My husband and I have always had a mixed romance. Me, soft, curvy, “Rubenesque,” as he drooled on one of our first dates; him, lean, muscular, given to wearing tight white Gap T-shirts. I can’t seem to get my sultry bosom over my heaving bosom, and thus the fantasy I’ve always had of strutting around my boyfriend’s apartment looking “cute” in his oversized tank tops and boxers (it’s Harry who steals my sweaters, it turns out).
I always had this ridiculous patriarchal belief that I had to be small to get a man, that a guy would only find me attractive if he could hold me in his arms like King Kong. Then I met Harry and was reminded that not all guys are so shallow or empty.
Ironically, it was his love for me, with all my dimples and wobbly glory, that set me on the path to self-acceptance and made me realize that I deserve to exist and be happy no matter what my body looks like.
But I know our mixed romance surprises some people. There are friends who would never be rude enough to mention my size, but who often comment on his. “Gosh, doesn’t Harry look slim!” they’ll say when we meet for lunch. Usually my husband eats some kind of lean protein and salad while I tuck into the bread basket. “He always looks slim,” I point between bites. “Now pass me the butter.”
As a plus-size woman who loves to parade around in a bikini on social media, I’m used to the fatphobia faced by Nicola Coughlan (who, let’s face it, isn’t fat at all).

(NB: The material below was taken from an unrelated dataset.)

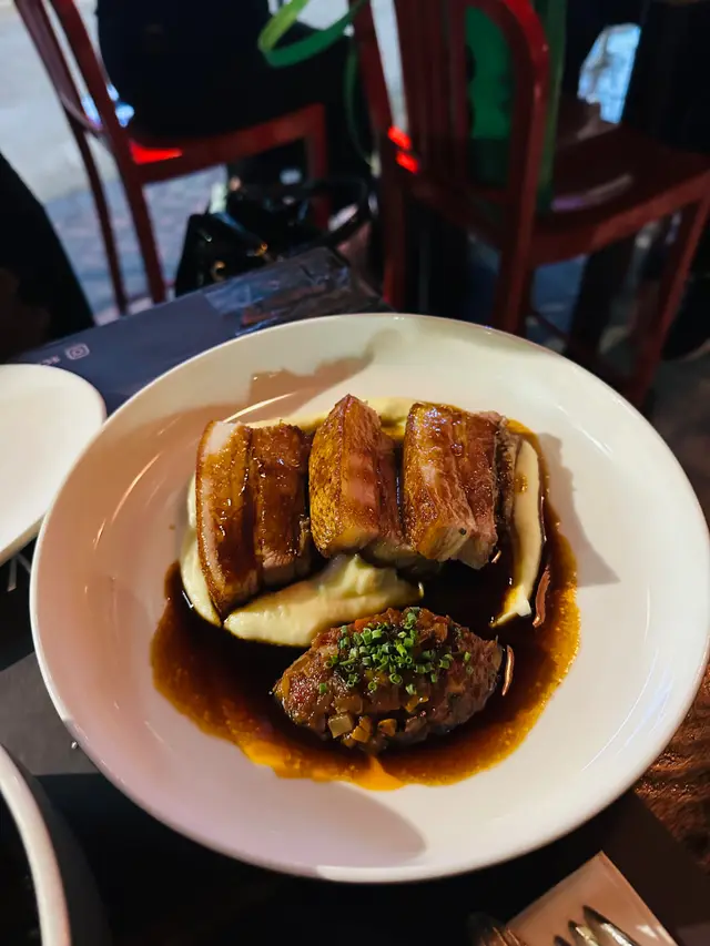 生日甜品滿滿儀式感 Willow Yellow等级42025-08-24535 浏览 关注 朋友生日,選擇咗嚟呢度慶祝,頭盤揀咗鵝肝、蟹肉餅,再加咗個龍蝦湯,三款都好好味,同埋份量都多,基本上食完頭盤已經飽咗大半。主菜我哋就叫咗個慢煮豬,同埋叫咗個tomato 🍅意粉。意粉就一般,冇乜特別,但係個豬就幾好味,雖然係幾肥嘅,因為好大舊肥豬肉,但佢煮得好香,係會令到你忍唔住食晒嘅。由於份量都多,我哋嘅意粉只係食咗少少,已經食唔到落去。甜品我哋就叫咗crème brûlée,另外餐廳都送咗甜品俾我哋慶祝生日,佢哋用個雀籠裝住個甜品,一拎出嚟真係好有儀式感,值得稱讚佢哋有一位外籍嘅女服務員,佢真係好細心,又好有笑容,不停咁同我哋講生日快樂🎂11以上食记乃用户个人意见 , 并不代表OpenRice之观点。赞好分享生日甜品滿滿儀式感 Scarlett Cafe & Wine Bar https://s.openrice.com/QrLT071bU00检举 张贴 评分3味道3环境3服务3卫生4抵食用餐日期2025-08-22用餐途径堂食用餐时段晚餐庆祝纪念生日

Declan Rice’s girlfriend Lauren Fryer, pictured, was the target of comments about her weight by disgusting internet trolls earlier this year
Fred and Wilma Flintstone show how the dynamic between a fat man and a thin woman is a phenomenon on television
I am often belittled by strangers for my body; recently, while jogging along the river, a man decided to yell “run, fatso, run” at me, as if this would make both of our days better. For the record, he was sitting on his behind and doing nothing but smoking a cigarette.
I regularly get messages from anonymous trolls detailing how disgusting they find me and how little they want to have sex with me. It’s quite chilling that it never occurs to them that I wouldn’t want to have sex with them.
It’s enough to misquote Winston Churchill: “I may be fat, but in the morning I have hash browns for breakfast and you’re still a nasty little misogynist.” Our obsession with women’s bodies is indeed all-encompassing and exhausting. It’s not just weight differences that are discussed in relationships, but height and age differences too.
I don’t think people realize how incredibly unattractive it is to hear someone comment on someone else’s body. You might as well put a big red flag in the ground next to you that says, “JUDGMENTAL, PERSONALITY-FREE FOOL.”
Which brings me to my biggest problem with Bridgerton (and it has nothing to do with weight). It’s that brilliant, daring Penelope Featherington who would ever want to have sex with the charisma vacuum that is Colin. Now that’s bad casting.